L'idolâtrie n'est pas morte; nous la pratiquons chaque jour, sans
même nous en rendre compte. Certes, nous dénonçons les faux dieux
que sont pour notre monde: l'argent, le profit, la toute-puissance
économique, les médias, la manipulation du vivant, la technocratie,
la rentabilité, le culte du corps, la fascination du plaisir… Nous
abhorrons les rites aseptisés ou les sacrifices qu'ils exigent et
auxquels, par ailleurs, nous nous soumettons dans le «système» où
nous baignons et qui vit de notre sympathie et de nos complicités…
Nous stigmatisons les images, les simulacres, les artifices, et
nous en faisons bonne consommation… Où est l'idolâtrie, la nôtre?
Que cachent nos idoles? Nous trompons-nous de Dieu, ou nous
mentons-nous à nous-mêmes en croyant que la dénonciation des faux
dieux échappe à l'idolâtrie, fût-ce celle de la
sécurisation?Question fondamentale que discutent ici trois femmes
et quatre hommes: théologiens, philosophes, anthropologues,
psychologues ou moralistes. B. Van Meenen introduit le débat
(Bruxelles, St-Louis) entre les conférenciers de 2003 aux Facultés
universitaires de Bruxelles.

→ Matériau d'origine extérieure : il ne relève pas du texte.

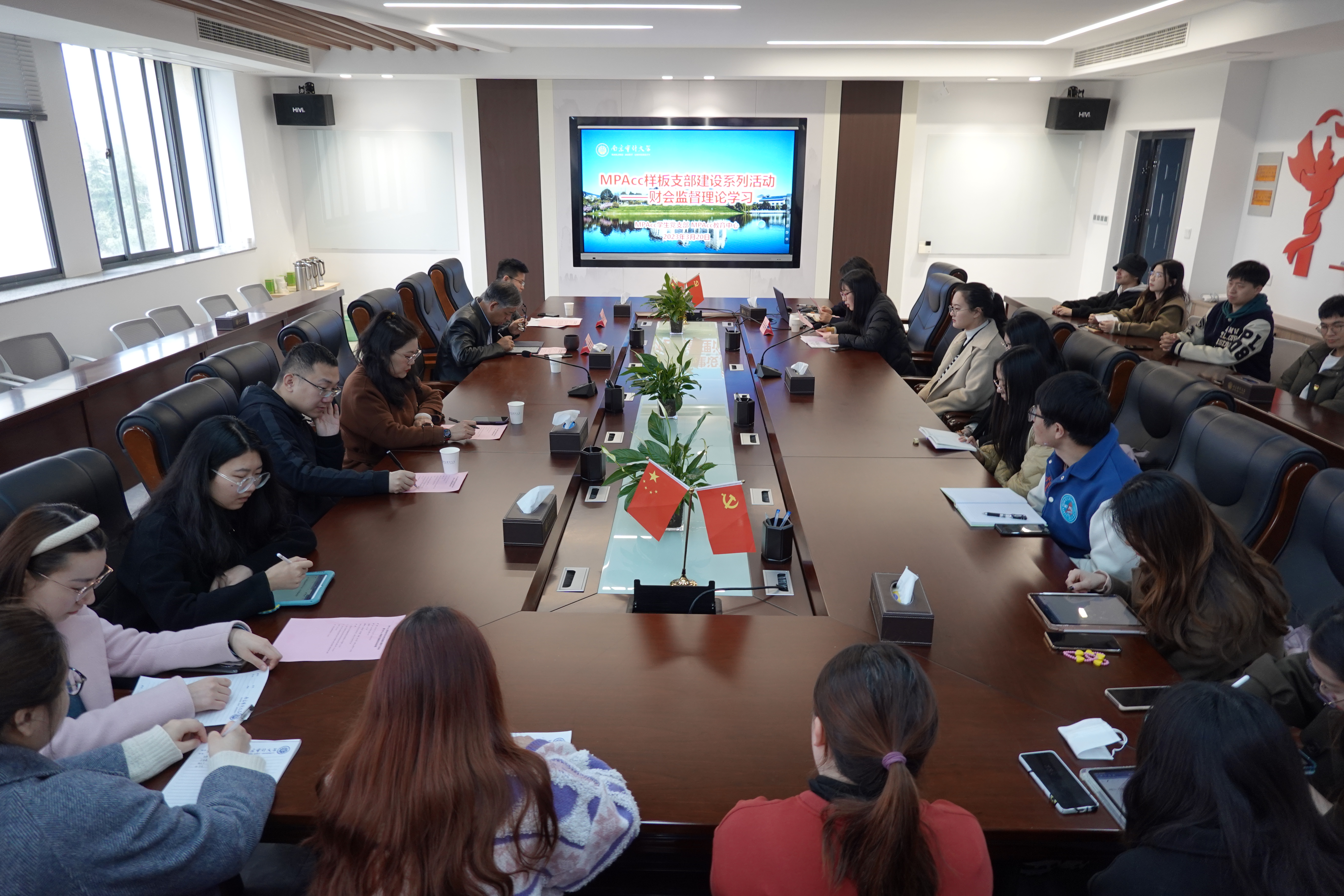 为进一步提升暗网禁区 研究生培养质量,增强基层党组织的战斗堡垒作用,320日下午,暗网禁区 在敏知楼516会议室召开MPAcc润泽读书会——财会监督主题学习活动暨MPAcc样板支部建设系列活动。暗网禁区 院长温素彬、党委书记吴春梅、会计系主任张兴亮以及相关党员师生参加会议。会议由MPAcc学生党支部书记肖艳主持。

À la lumière du prophète et du sage
ironisant à propos de l'idole, J.-P. Sonnet (Bruxelles, IÉT) nous
montre comment retrouver la vraie image de Dieu dans l'homme. M.

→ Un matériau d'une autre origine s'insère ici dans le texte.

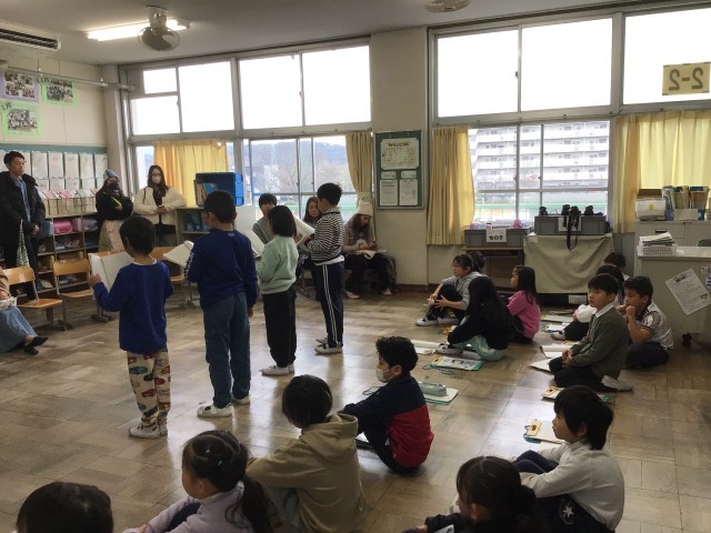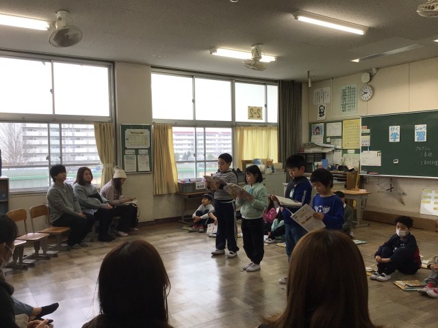 2年生の生活科で学習発表会を行い、保護者の皆様にも見ていただきました。音読の発表をしたり、動画で大縄跳びの発表をしたり、九九の計算をしたり、できるようになったことをたくさん発表しました。
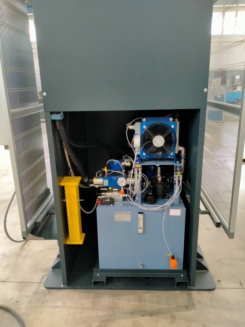 La pressa a collo di cigno è equipaggiata con centralina oleodinamica con elettrovalvole monitorate Rexroth.

Botbol-Baum (Louvain, UCL) part du «rire de Sarah» en Gn 18 pour
nous faire réfléchir sur la sorcellerie dissimulée dans les
techniques de reproduction négatrices de l'altérité homme-femme.
«Deviendrait idole ce qui arrête le devenir spirituel au lieu de
rester une simple balise sur le chemin» (p. 43): ainsi s'exprime L.
Irigaray (Paris, CNRS); l'idolâtrie est le non maintien de la
différence sexuelle, la négation de la «transcendance de l'autre»;
D. Müller (Lausanne, Univ.) prend le point de vue de l'éthique
théologique et critique la volonté dominatrice de la théologie et
celle de la bioéthique comma paradigme du pouvoir. Y. Ledure (Metz,
Univ.), en parlant de «l'homme et son désir» refait un parcours de
l'athéisme pour percevoir comment tout l'homme, y compris sa
corporéité, doit être pris en compte pour surmonter l'idolâtrie. D.
Courcelles (France, CNRS) nous remémore l'histoire chrétienne et
ses grands théologiens pour s'interroger sur la justice et sur la
charité érigée en droit: y a-t-il là vraie alternative à la
violence?
Dès lors, comment bien parler de Dieu? Peut-on éviter l'idolâtrie?
Voilà une réflexion salubre et décapante qui nous aidera à nous
purger de nos idoles et à débusquer nos faux dieux, qui se juchent
souvent là où nous estimons en être indemnes. Merci aux auteurs
d'aborder ce sujet en vérité. Aux lecteurs, que nous espérons
nombreux, d'en tirer le meilleur parti ! Livre accrocheur qu'on ne
lit pas innocemment. - J. Radermakers, S.J.